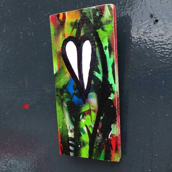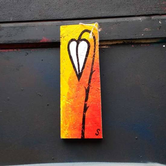 (2016 – Acrylic, marker pen on recycled wood 70cm x 35cm)
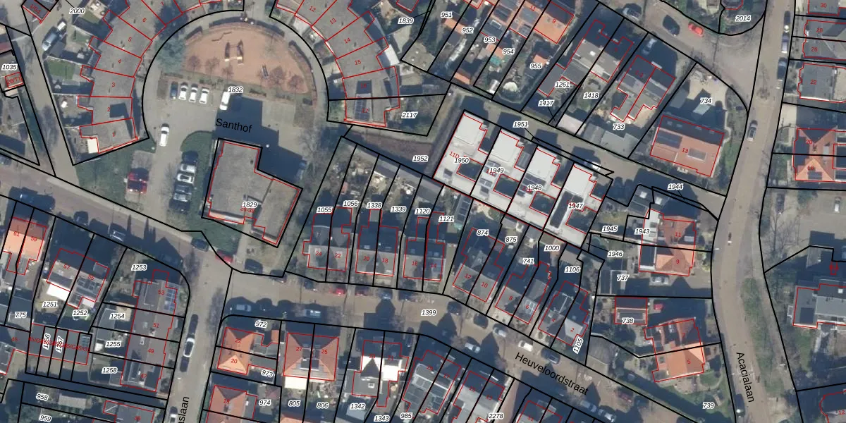 Gebruik de zoekbalk of klik op een perceel om informatie over het perceel te bekijken.
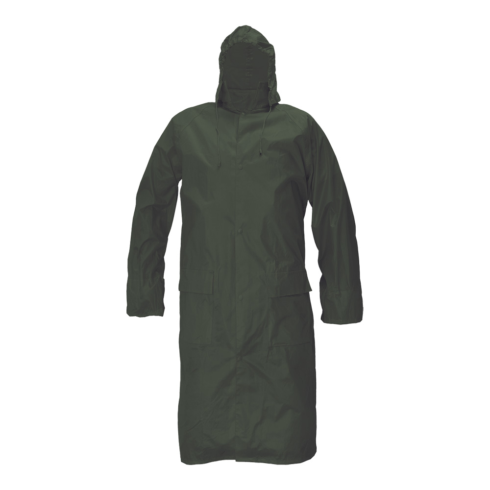 Description: prolonged waterproof ¾ coat with a hood » taped seams » 2 front flap pockets » inner rubber hem » underarm and back side ventilation » practical package.
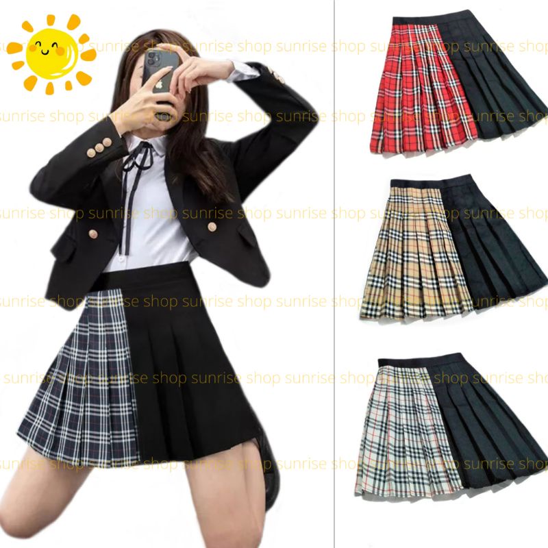MINI TARTAN TENNIS SKIRT TWO TONE KOREAN
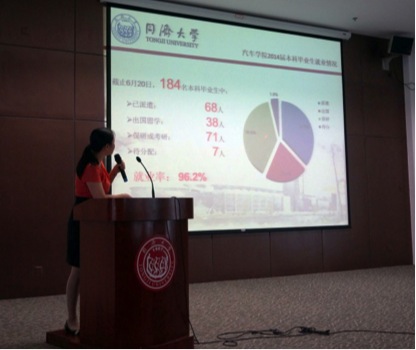 院长余卓平老师简短而温馨的致辞里,有对2014届本科生五年努力奋斗的肯定,有对这些即将走向工作岗位或者继续深造的毕业生们的鼓励,更对这些身为汽院人的2014届本科生们,提出了更高的要求与期望-- 同济汽院人的胸怀。要有沉得住气、默默积蓄的胸怀,不断努力、潜心研究,振兴中国汽车工业的胸怀!
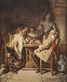 - Hrothgar spake, the protector of the Scyldings; "For a defence, O my friend Beowulf, and for a succour hast thou sought us. Thy father avenged by striking, the mightiest of feuds: he was the slaughterer of Heatholaf, among the Wylfings... Full oft drunken with beer, the sons of battle promised over the ale cup, that they would in the beer-hall await Grendel's war, with the terrors of swords. Then was this meadhall at the morning tide, this palace stained with gore when the day dawned; all the benched floor reeking with blood, the hall with gore shed by the sword: I owned all the fewer of my faithful retainers, my dear young men whom there death took away. Sit now to the feast, and joyfully eat, exulting in victory among my warriors, as thy mind may excite thee." Then was for the sons of the Geats, altogether, a bench cleared in the beer-hall; there the bold of spirit, free from quarrel, went to sit: the thane observed his office, he that in his hand bare the twisted ale cup; he poured the bright sweet liquor; meanwhile the poet sang serene in Heorot, there was joy of heroes, no little pomp of Danes and Westerns.
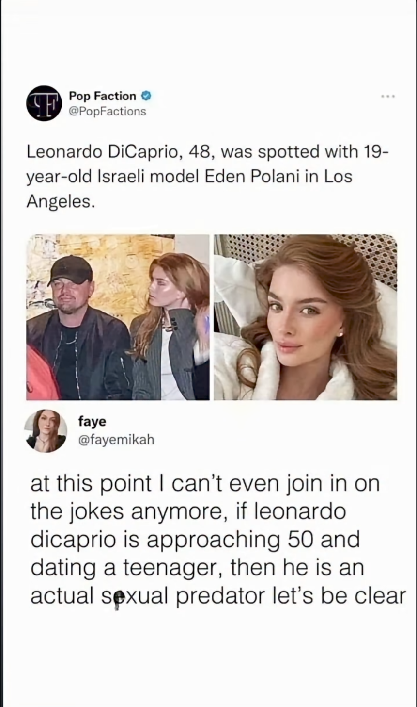 >>84454139It's crazy how much the anti pedophile hysteria was created in just a few decades. In the 90's Jerry Seinfeld was in his 30's dating a 17 year old and no one cared. Now Leonardo Dicaprio and Tobey Maguire are being called predators for dating literal adults.
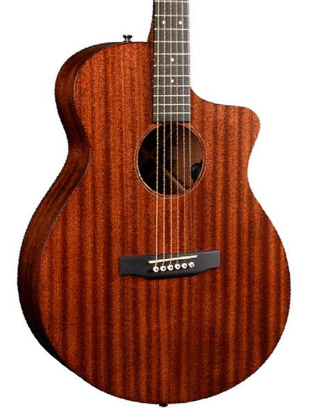 With a gorgeous glossed Sitka spruce top and sapele back and sides, the solid wood Grand Performance with cutaway MARTIN Road Series GPC-11E is a great sounding acoustic/electric guitar at an affordable price.
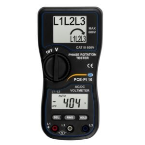 The rotating field indicator PCE-PI 10 is used to determine the direction of rotation of 3-phase voltage networks. Furthermore, the rotating field indicator can measure voltages up to 600V AC / DC. The rotating field direction is important for machines and plants. If the phases are not connected correctly, damage to connected motors and pumps can occur, for example.
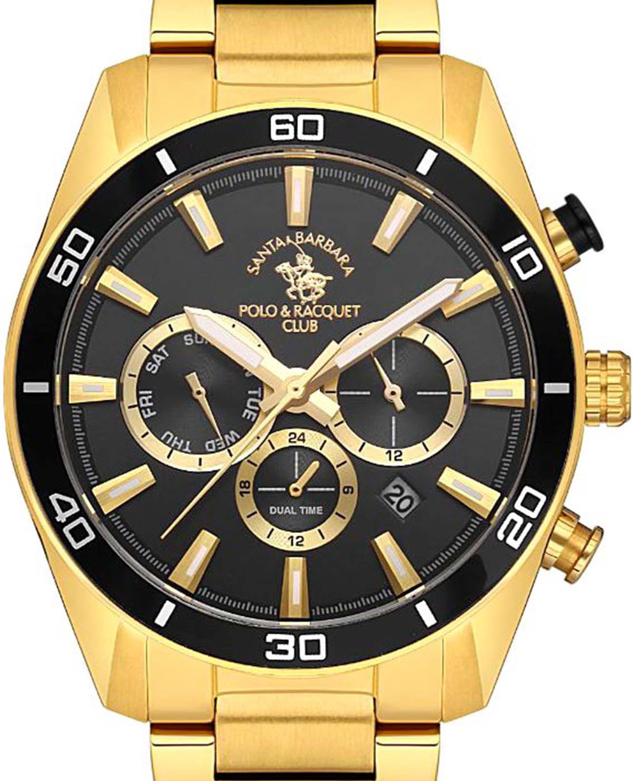 Мужские кварцевые часы Santa Barbara Polo & Racquet Club — это выразительный и функциональный аксессуар. Корпус диаметром 44 мм и высотой 51,5 мм выполнен из стали с IP-покрытиемIP-покрытиеМетод ионного напыления. Демонстрирует повышенную устойчивость к истиранию, окислению и химическим веществам. Под воздействием высокого давления и температуры около 1500°C молекулы металла надёжно соединяются с частицами корпуса часов.. БезельБезельВнешний ободок, закрепляющий стекло. В спортивных часах так называется поворотное кольцо с делениями на циферблате, выполняет роль таймера – замеряет отрезки времени на шкале. Неподвижный безель – элемент декора. Однонаправленно вращающийся безель на дайверских часах позволяет фиксировать моменты погружения и выныривания на поверхность. с минутной шкалой придаёт изделию спортивный характер. Циферблат чёрного цвета оформлен по технологии Sunray («солнечные лучи»), дополнен накладными метками в виде штрихов и фирменным логотипом. Окошко даты расположено между 4 и 5 часами. Указатель дня недели и второй часовой пояс вынесены на отдельные субциферблаты, также присутствует индикация 24-часового формата времени. Стрелки и метки с люминесцентным покрытиемЛюминесцентное покрытиеПозволяет считывать показания времени в темноте. Производители наносят на стрелки, часовые индексы, безель или поверхность циферблата светонакопительный состав, дающий холодное свечение., обеспечивающим хорошую читаемость в темноте. Циферблат защищён минеральным стекломМинеральное стеклоМинеральное стекло представляет собой искусственно выращенный минерал кварца. Такое стекло отличается особой устойчивостью к повреждениям и царапинам. Уступает по некоторым качествам сапфировому стеклу.. Часы оснащены стальным браслетом с IP-покрытиемIP-покрытиеМетод ионного напыления. Демонстрирует повышенную устойчивость к истиранию, окислению и химическим веществам. Под воздействием высокого давления и температуры около 1500°C молекулы металла надёжно соединяются с частицами корпуса часов. и раскладной застёжкойРаскладная застёжкаТакой тип застёжки используется только на браслетах из металла. Она никогда не раскрывается полностью, происходит разделение на 2 и более частей. Раскладывающая застёжка снизит вероятность потери часов к минимуму.. Идеальный выбор для тех, кто ценит стиль, точность и надёжность.
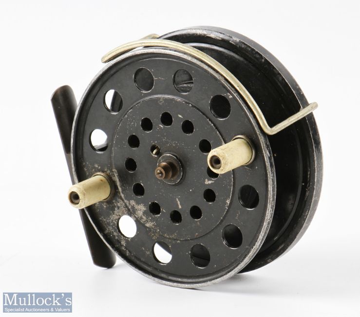 Farlows 4" Narrow Drum 'Utility' Centrepin Trotting / Casting Reel in black finish, twin cream handles, brass foot and rear check on/off, nickel line guide, runs smooth
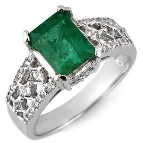 GENUINE 2.75 ctw DIAMOND & EMERALD LADIES RING IN 14K WHITE GOLD
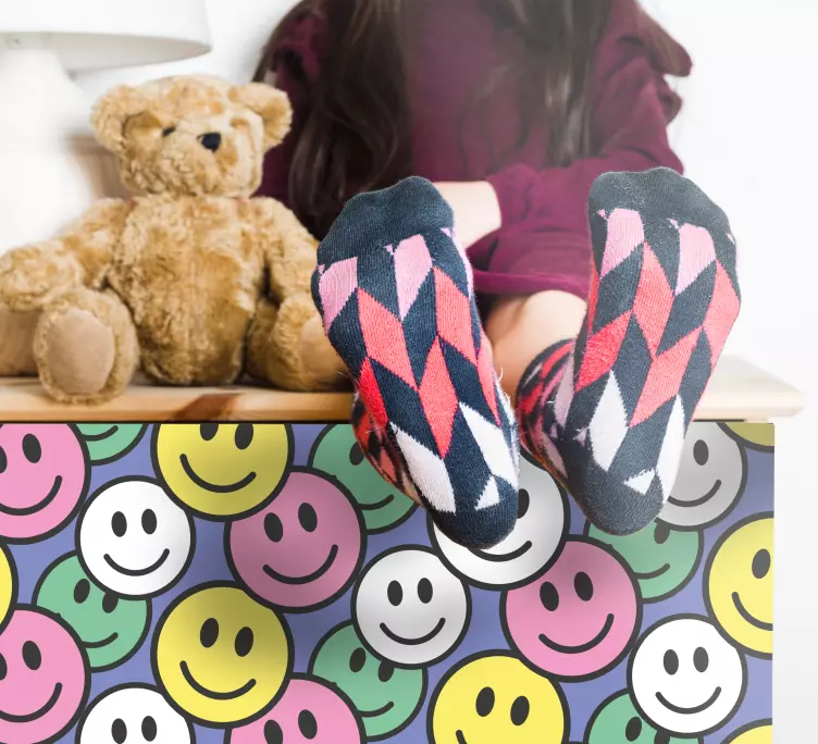 Ανακαλύψτε το Αυτοκόλλητο με ζώα σε πολύχρωμα σχέδια χαμόγελου, ένα μοναδικό σχέδιο που συνδυάζει έπιπλα με χαμογελαστά πρόσωπα σε παστέλ χρώματα. Αυτή η διακόσμηση είναι χαρούμενη, παιχνιδιάρικη και ζωηρή, προσφέροντας μια αίσθηση διασκέδασης σε κάθε χώρο. Ιδανικό για παιδικά δωμάτια ή χώρους που χρειάζονται μια δόση χρώματος!
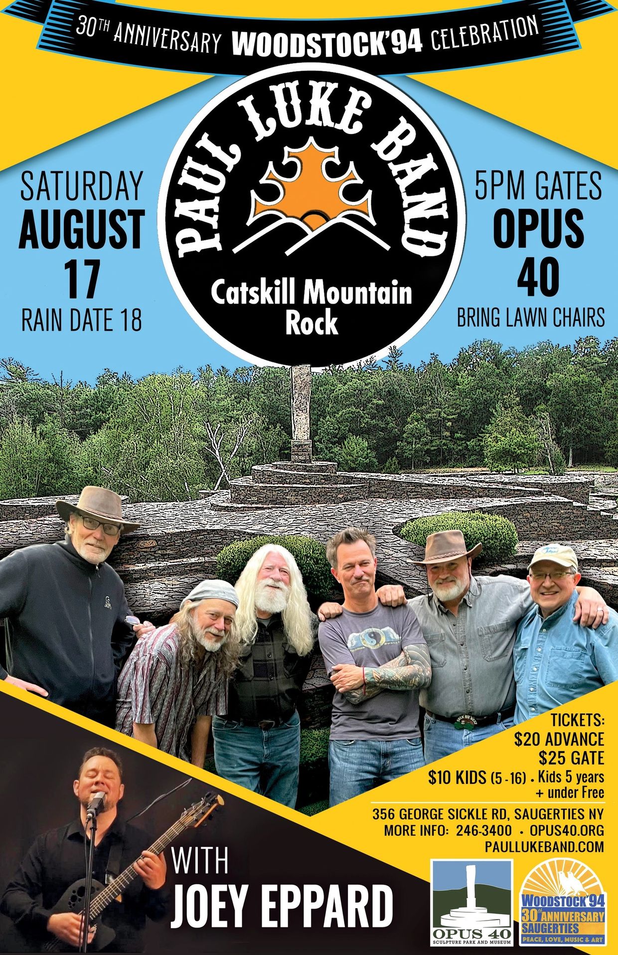 August 17 – Special Concert featuring The Paul Luke Band and Joey Eppard at Opus 40. Tickets are $20 adv. / $25 gate at https://opus40.org/event/woodstock-94-celebration-with-paul-luke-band-joey-eppard/
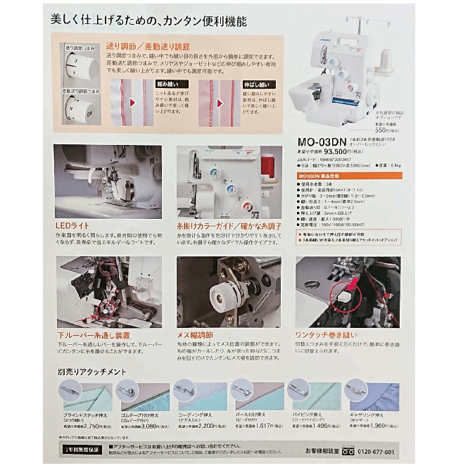 ↓MO-03DN専用 アタッチメントはこちら↓ ■ブラインドステッチ押え■ コチラから ■ギャザリング押え■ コチラから ■ゴムテープ付け押え■ コチラから ■コーディング押え■ コチラから ■パール付け押え■ コチラから ■パイピング押え■ コチラから ■6点のお得な押えセット プロキット■ コチラから
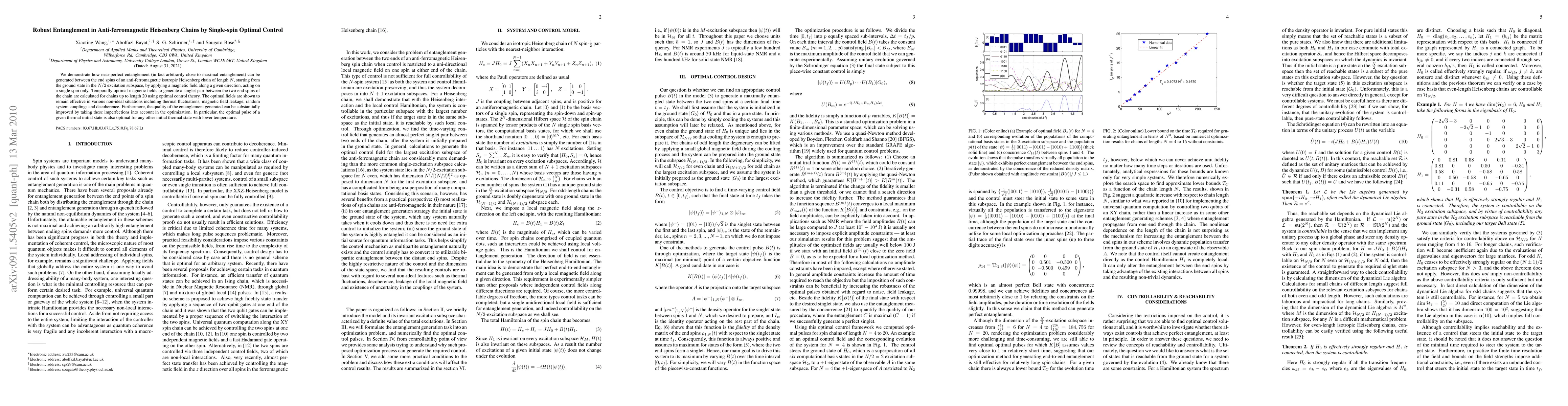 This study demonstrates the generation of near-perfect entanglement between the end spins of an anti-ferromagnetic Heisenberg chain using single-spin optimal control, showing robustness against various imperfections. Optimal magnetic fields are calculated for chains up to length 20, maintaining entanglement quality despite thermal fluctuations and other non-ideal conditions.
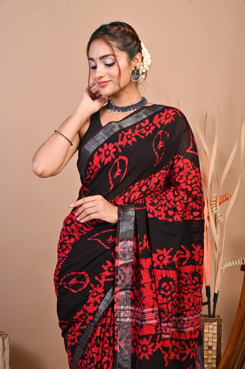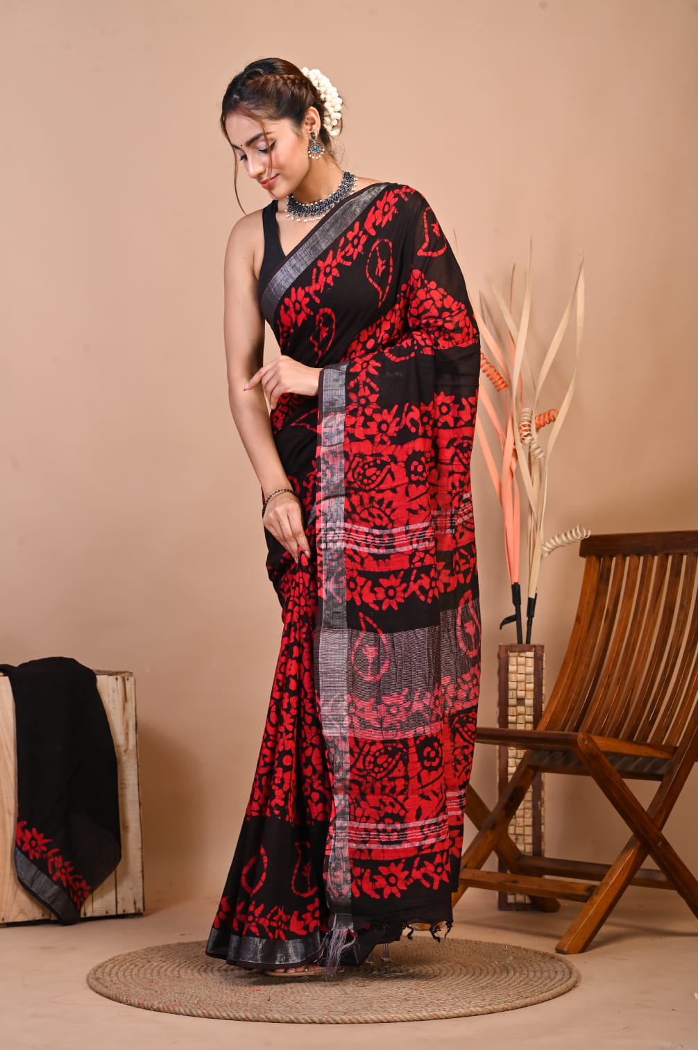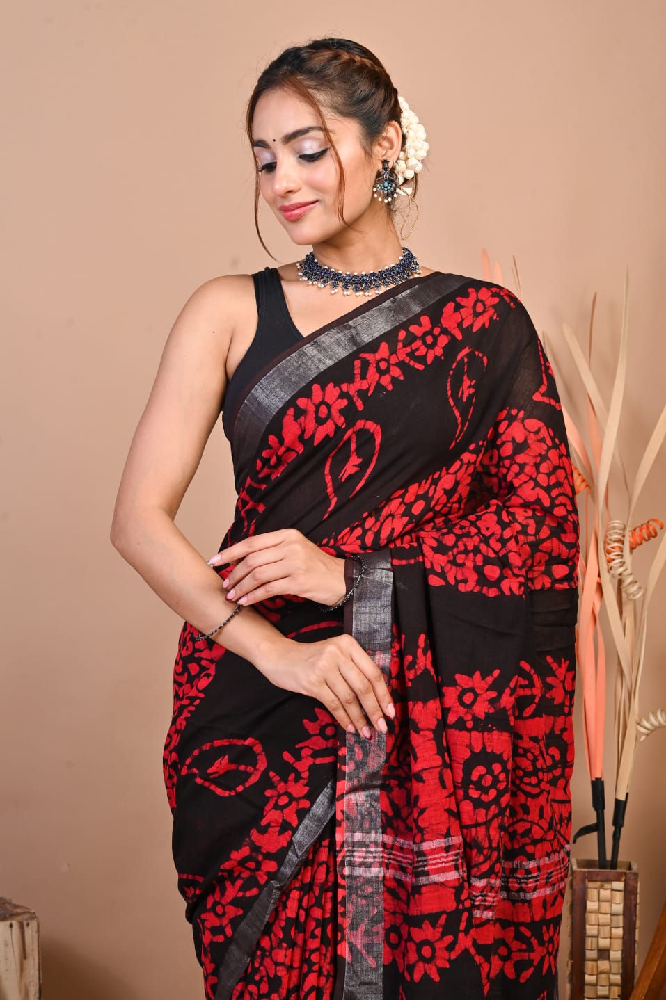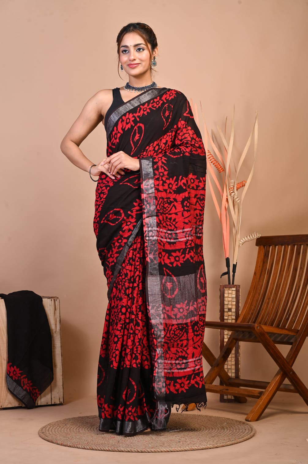Add a touch of sophistication to your wardrobe with our Hand Block Printed Linen Cotton Saree. This 5.5-meter saree is crafted with intricate hand block prints, exuding traditional charm. Paired with a 1-meter unstitched blouse piece, it offers ample customization options. The luxurious linen-cotton blend ensures both comfort and style, making it perfect for any occasion. Elevate your ethnic wear collection with this timeless piece of elegance.
--*--
- _What to work on_: Return the lines above from the one with "MINI TARTAN TENNIS SKIRT TWO TONE KOREAN" through the one with "- Hrothgar spake, the", verbatim and nothing else. Omit every picture.

- _Output of the exercise_:
MINI TARTAN TENNIS SKIRT TWO TONE KOREAN
 院长余卓平老师简短而温馨的致辞里,有对2014届本科生五年努力奋斗的肯定,有对这些即将走向工作岗位或者继续深造的毕业生们的鼓励,更对这些身为汽院人的2014届本科生们,提出了更高的要求与期望-- 同济汽院人的胸怀。要有沉得住气、默默积蓄的胸怀,不断努力、潜心研究,振兴中国汽车工业的胸怀!
 - Hrothgar spake, the protector of the Scyldings; "For a defence, O my friend Beowulf, and for a succour hast thou sought us. Thy father avenged by striking, the mightiest of feuds: he was the slaughterer of Heatholaf, among the Wylfings... Full oft drunken with beer, the sons of battle promised over the ale cup, that they would in the beer-hall await Grendel's war, with the terrors of swords. Then was this meadhall at the morning tide, this palace stained with gore when the day dawned; all the benched floor reeking with blood, the hall with gore shed by the sword: I owned all the fewer of my faithful retainers, my dear young men whom there death took away. Sit now to the feast, and joyfully eat, exulting in victory among my warriors, as thy mind may excite thee." Then was for the sons of the Geats, altogether, a bench cleared in the beer-hall; there the bold of spirit, free from quarrel, went to sit: the thane observed his office, he that in his hand bare the twisted ale cup; he poured the bright sweet liquor; meanwhile the poet sang serene in Heorot, there was joy of heroes, no little pomp of Danes and Westerns.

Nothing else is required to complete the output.